Es wäre schön, wenn du den Gedanke beim Verfassen deiner nächsten Beiträge berücksichtigen könntest. 

Zum Problem:
Auf irgendeinem Server muss halt ein Prozess laufen, zu dem die Clients connecten können. Ob das auf deinem Heimrechner oder einem Server im Internet ist, ist soweit erstmal egal. Weiteres sollte in den Anleitungen / Readmes / Dokumentationen auf teamspeak.org zu finden sein.


----------



## Andreas Späth (30. Dezember 2004)

Was den Router betrifft, schau in der von Arne bereits erwähnten Dokumentation nach welche Ports Teamspeak nutzt, diese müstest du dann entsprechend in deinem Router freigeben bzw forwarden.

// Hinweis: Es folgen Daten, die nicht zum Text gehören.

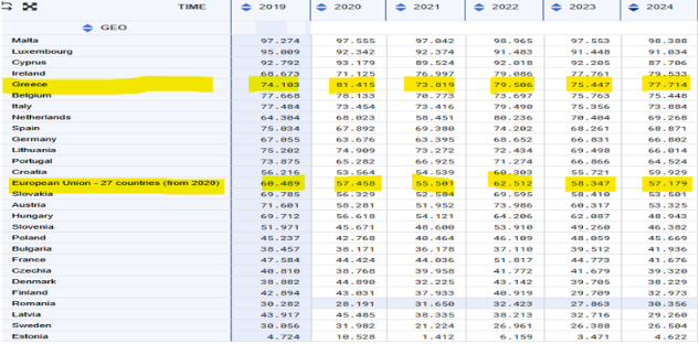 Η Eurostat παρουσιάζει τη χώρα μας με αυξανόμενη ενεργειακή εξάρτηση 77,7% το 2024 έναντι περίπου 57,2% στην ΕΕ και να φιγουράρει διαχρονικά στις 4-5 χειρότερες θέσεις. Η Ελλάδα δεν απορροφά τις διεθνείς αναταράξεις διότι η κυβέρνηση Μητσοτάκη δεν μερίμνησε να λάβει μέτρα, τις εισάγει και μαζί με την ενέργεια, εισάγει πληθωρισμό και αβεβαιότητα. Η έλλειψη αυτάρκειας σε βασικούς τομείς της οικονομίας στην Ελλάδα -με ευθύνη όλων των κυβερνήσεων της μεταπολιτεύσεως- γίνεται ορατή, ως ήταν αναμενόμενο, με την εκάστοτε γεωπολιτική κρίση.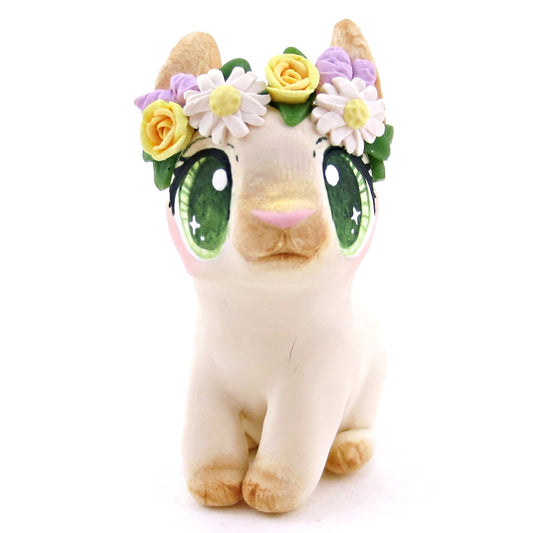 Flower Crown Cream Point Netherland Dwarf Rabbit Figurine - Polymer Clay Spring and Easter Animals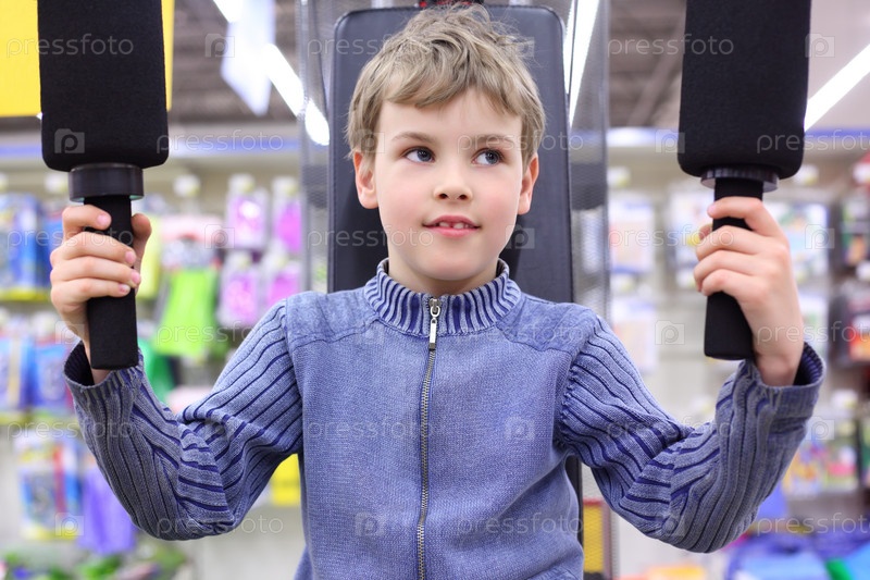 Мальчик в спортивном магазине на тренажере
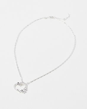 Featuring a delicate chain in a silver finish, this pendant necklace suspends a molten textured disc with small gem details.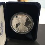 1999 Silver American Eagle One Dollar Coin, Philadelphia Mint, 99.9%, 1.00 ozt, in case. 1999 Silver American Eagle One Dollar Coin, Philadelphia Mint, 99.9%, 1.00 ozt, in case.
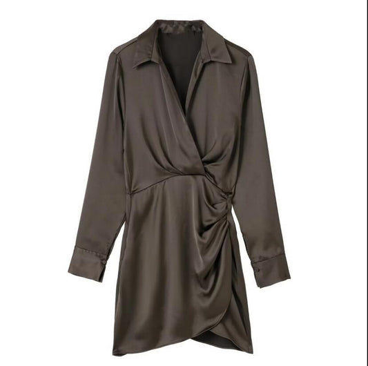 Women's Lapel Silk Satin Long Sleeve Short Dress

Du selbst solltest wenn du Server und Client auf dem selbem Rechner betreibst über localhost/127.0.0.1 zugreifen da viele Router kein Loopback unterstützen.
Zumindest habe ich bei anderen Serveranwendungen schon öfters damit Probleme gehabt.


----------



## BlueEagel (30. Dezember 2004)

Sorry für die rechtschreibung liegt an meiner legastini <- wenn das so geschrieben wird 

ja aber mit meinen prob komm ich trotzdem net weiter... weil wenn ich die ports freigeben wenn TS und Der Client auf einem rechner sind habe ich ja immer noch die ip (192.168.2.*) als die wo mein rechner zum router connectet. also kann auch kein aussenstehnder zu mir connecten ?!.

MFG BlueEagle


----------